Happily, that's a tradition that the Cypriots have chosen not to continue. Nearby is the four-star Elias Beach Hotel (kanikahotels. com), where I also spent a few nights. Right on the water's edge, this hotel is a favourite for seaside weddings and honeymoons. It's also an ideal base for exploring Limassol and the surrounding area.
As a sunshine island, Cyprus has a well-deserved reputation for its beaches. It's such a compact island that you are never more than an hour from a strip of pristine sand and crystal-clear water. But there is more to the coastline than just sand.
At Cape Greko, on the eastern corner of the island, spectacular sea cliffs gaze serenely down on azure seas, as tall-masted sailing boats ride at anchor in the gentle swells. Daredevil divers plunge from the cliffs into the clear waters below. These cliff walls are punctuated by dark, brooding sea caves, hewn by the forces of nature from the rock over millennia. And shards of ancient pottery, wrested by stormy seas from ancient sunken wrecks, dot the soil under your feet.
Cyprus has around 2,000 different types of plant, 140 of them native to the island, including 55 types of orchid. But you will also find roses in great abundance on the slopes of the mountains close to the centre of the island, where they are grown with grape vines.
Legend has it that bees -- essential to pollinate the vines -- may be drawn by the smell of the roses. But these roses are also used to make a powerful, traditional brandy, which will have you dancing on the tables in one of the tavernas after a couple of glasses. But be warned -- the hangover the next morning is like nothing you've experienced before.
The brandy is just one of a range of products made here from the distilled petals of roses, introduced to the island in the 1930s by the Tsolakis family.
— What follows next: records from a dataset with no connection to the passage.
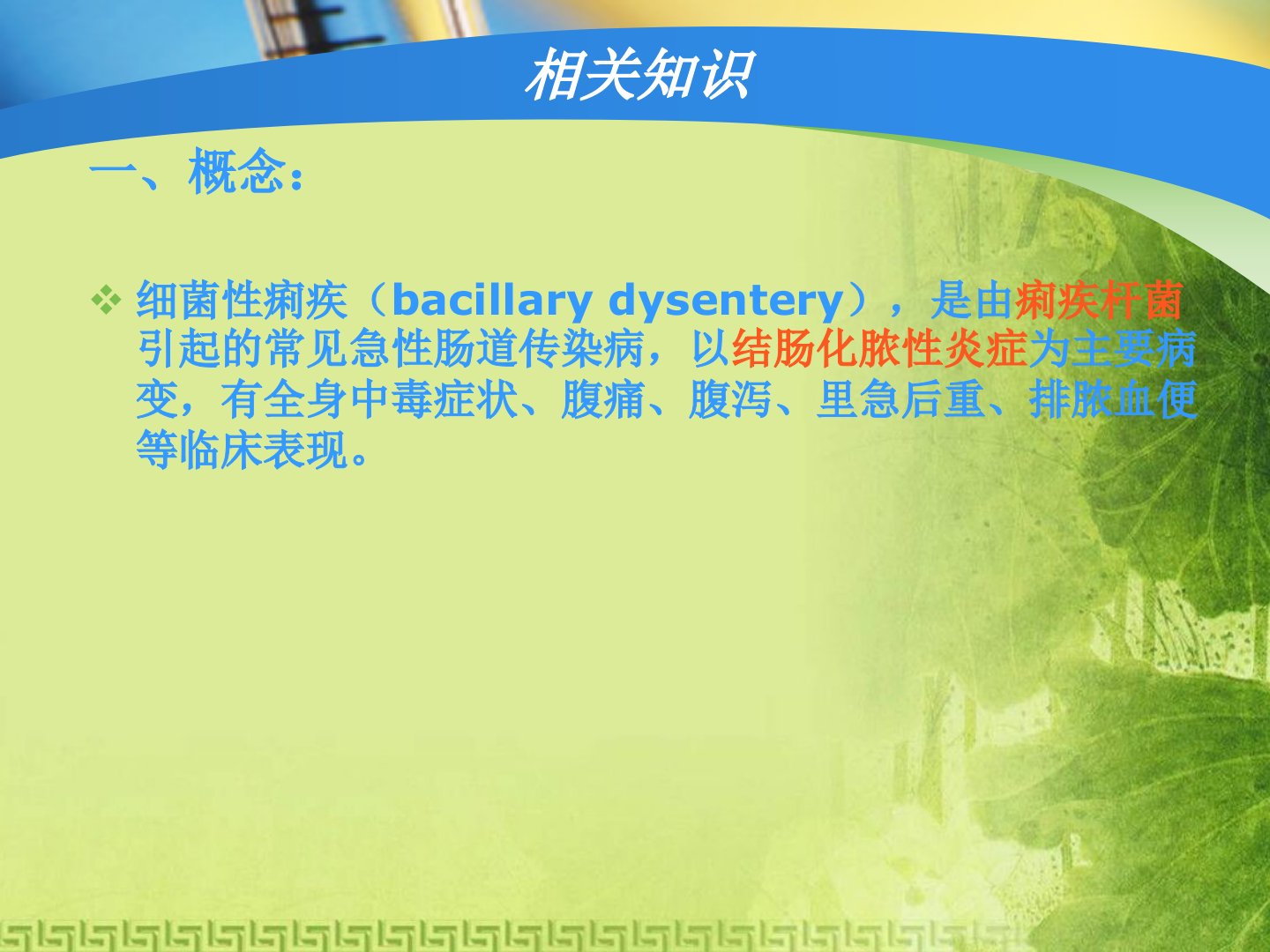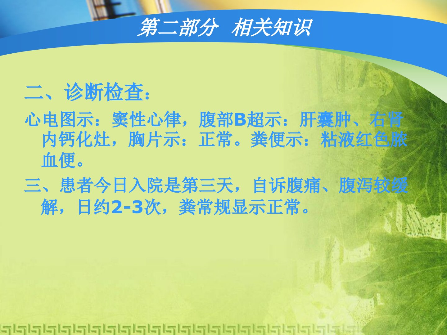 患者因“腹痛腹泻乏力2天”入院T:364神情精神欠佳自诉泻脓血便量多、日810次伴乏力头晕饮食可小便量少。诊断为细菌性痢疾此病由痢疾杆菌引起以结肠化脓性炎症为主要病变有全身中毒、腹痛、腹泻等症状。心电图示窦性心律腹部B超示肝囊肿、右肾内钙化灶胸片正常粪便为粘液红色脓血便。患者入院第三天腹痛、腹泻缓解日23次粪常规正常。治疗上予以抗炎降温止惊防治脑水肿和呼吸衰竭等可用冷温盐水低压灌肠应隔离至症状消失后一周或两次粪便培养阴性。护理包括对症护理、病情观察、心理护理及健康指导向病人及家属说明休息、饮食、饮水意义告知坚持服药争取急性期彻底治愈介绍家庭隔离措施并给予用药指导。同时改善个人和环境卫生防蝇灭蝇灭蟑螂流行期间可口服多价痢疾减毒活菌苗等预防。
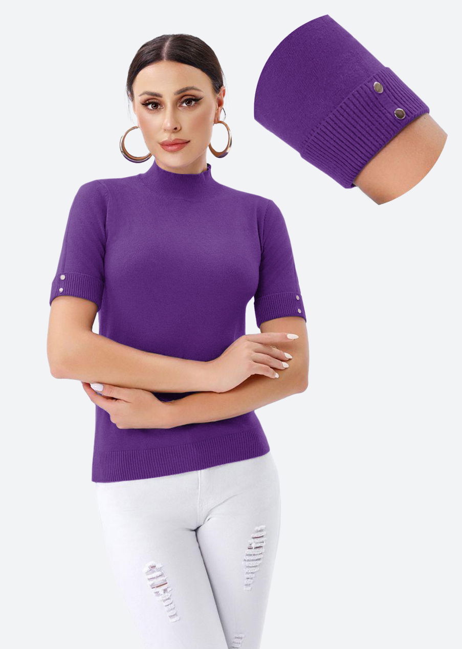 Helanca pulover cu maneca scurta, nasturei metalici si guler scurt, mov
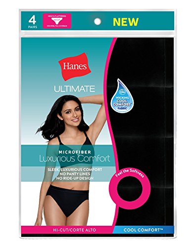 -. Binding : Apparel -. Brand : Hanes -. Department : womens -. Feature : High and flattering hi-cut leg with full coverage back. / No ride up leg bands. / Leg and waistband wont pinch or bind and look seamless under clothes. / Tag-free for itch-free comfort. / Available in a convenient 4-pack. -. Model : HXMFHC -. NumberOfItems : 4 -. PackageQuantity : 1 -. ProductGroup : Apparel -. ProductTypeName : UNDERWEAR -. Title : Hanes Womens Ultimate Cool Comfort 4-Pack Hi-Cut Panties
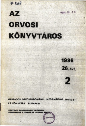 Az orvosi könyvtáros, 26 (1-4) - 1986. ISSN 0030-6010
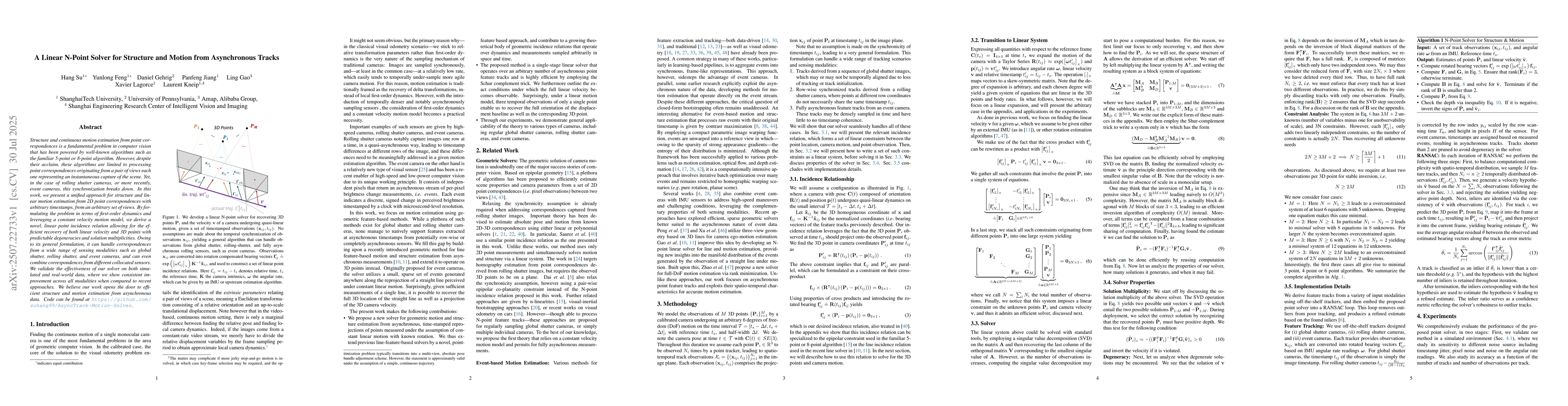The paper presents a linear N-point solver for estimating structure and linear motion from 2D point correspondences with arbitrary timestamps from various views, including global shutter, rolling shutter, and event cameras.

Today, Christos Tsolakis and his wife Maria produce the traditional liqueur, as well as rose-infused wines. All of it is packaged in traditional, hand-crafted ceramic bottles, which you can see them producing and decorating at their workshop in Agros.
The easiest way to see Cyprus is by car, but make sure to pull over and take a walk -- with your water, hat and sunscreen -- along one of the official hiking trails on the island.
The Aphrodite Route, an eight-kilometre trail, takes you in the footsteps of the goddess of love and beauty, and is awash with colourful displays of wild flowers and strawberry trees, and the aroma of wild thyme and rosemary. Breathe in the views of the sparkling blue lagoons below from the peak of Moutti tis Sotiras, and you'll understand why this is considered the most beautiful walk in Cyprus.